Although vendors continue to sell “Library 2.0″ as a “feature,” it was never so. Social software is always both feature and society, requiring scale and openness to users’ wider world. That a library can’t be Facebook all by itself isn’t sad, or a failure. Facebook isn’t Facebook by itself either. The error comes in thinking about the 2.0 world in 1.0 terms. Library-only 2.0 failed because it tried to be an empire. Library 2.0 is alive because it isn’t one.

So, Library-only 2.0 is dead. Long live Library 2.0!

Labels: library 2.0

3 Comments:

  1. David S. says:

    So are you feeding those reviews back into LibraryThing proper?

    I looked at the Steam Punk tag, and I’d still go back to LibraryThing proper, and advocate that others do so too. Yes, I’ve got my books cataloged here and spend too much time here, but that’s not it (or at least not all of it.) If I look at the Steam Punk tag here, I get the complete list. If the top book on the list isn’t available at my library, I can get it through ILL or just go to Amazon and buy it.

    I find it almost a little deceptive that the series display replaces the LT numbering with library specific numbering. It’d be nice to know that A Family Affair isn’t the 4th in the Nero Wolfe series. If it were a series that has to be read in order, I might be really pissed to order a book across libraries (in the library system) and find out instead of being #4, it was #6.

    (That’s weird. It may be a bug, or just ill-updated material, but Before Midnight, by Rex Stout, had no LibraryThing material attached. Stuff like that is another reason I’d go to LibraryThing proper.)

  2. Fred B. says:

    What exactly does “professionally-vetted user reviews” mean? Is someone at LibraryThing spending all day reading reviews? What are the criteria for acceptance/rejection?

  3. Hey David,

    >> So are you feeding those reviews back into LibraryThing proper?

    No. They don’t get fed back into LibraryThing. If the libraries want it, we might do that in the future. But it’s not happening now.

    >> I looked at the Steam Punk tag, and I’d still go back to LibraryThing proper, and advocate that others do so too. Yes, I’ve got my books cataloged here and spend too much time here, but that’s not it (or at least not all of it.) If I look at the Steam Punk tag here, I get the complete list. If the top book on the list isn’t available at my library, I can get it through ILL or just go to Amazon and buy it.

    It depends what you want to do. I think–and libraries seem to agree–that library catalogs should be focused on what the catalog itself has. In mean, in theory, the title, author or subject searches on a catalog could also consider every book and other item somewhere in the world. I think they don’t for a good reason.

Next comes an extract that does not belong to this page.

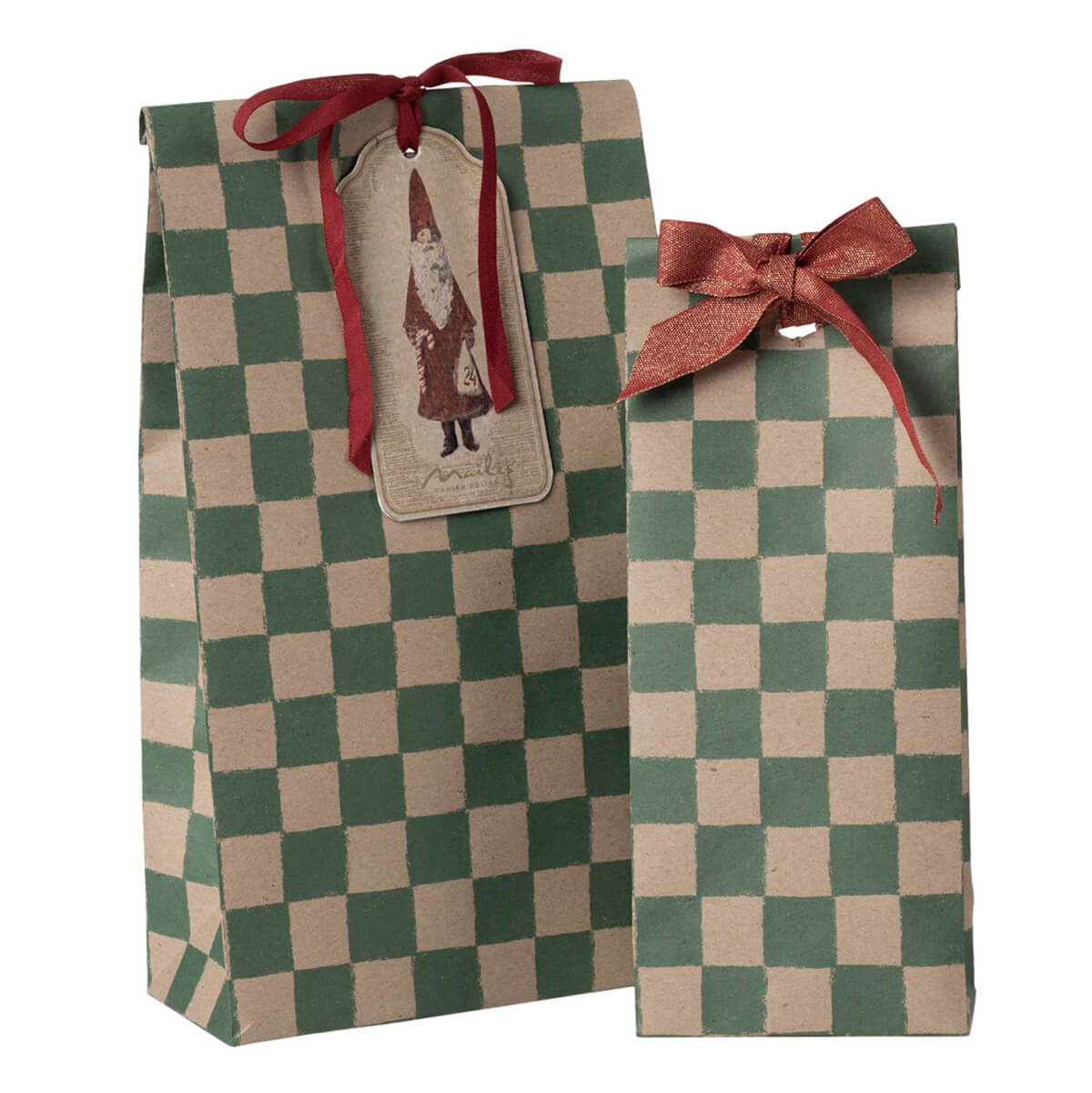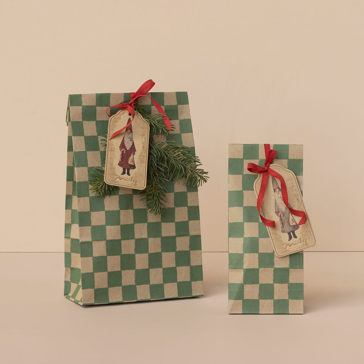 Green checker large gift bag by Maileg. Give your gifts a personal touch with this beautiful printed gift bag. Add a colorful ribbon to complete the look. It is a very easy and fast way to wrap small presents and still get a perfect look.

    >> I find it almost a little deceptive that the series display replaces the LT numbering with library specific numbering. It’d be nice to know that A Family Affair isn’t the 4th in the Nero Wolfe series. If it were a series that has to be read in order, I might be really pissed to order a book across libraries (in the library system) and find out instead of being #4, it was #6.

    Thanks for the heads-up. If you click the series itself, you’ll see the whole series and its numbering within that. I think you’re right, however, that in the on-catalog display it shouldn’t number them, or should number them better. We’re looking at it now.

    >> That’s weird. It may be a bug, or just ill-updated material, but Before Midnight, by Rex Stout, had no LibraryThing material attached. Stuff like that is another reason I’d go to LibraryThing proper

    LTFL errs on the side of caution for much of the data. So, for example, reviews must be approved before they go up. The goal is to help people find and evaluate books; being up-to-date versus the LibraryThing site is of secondary importance.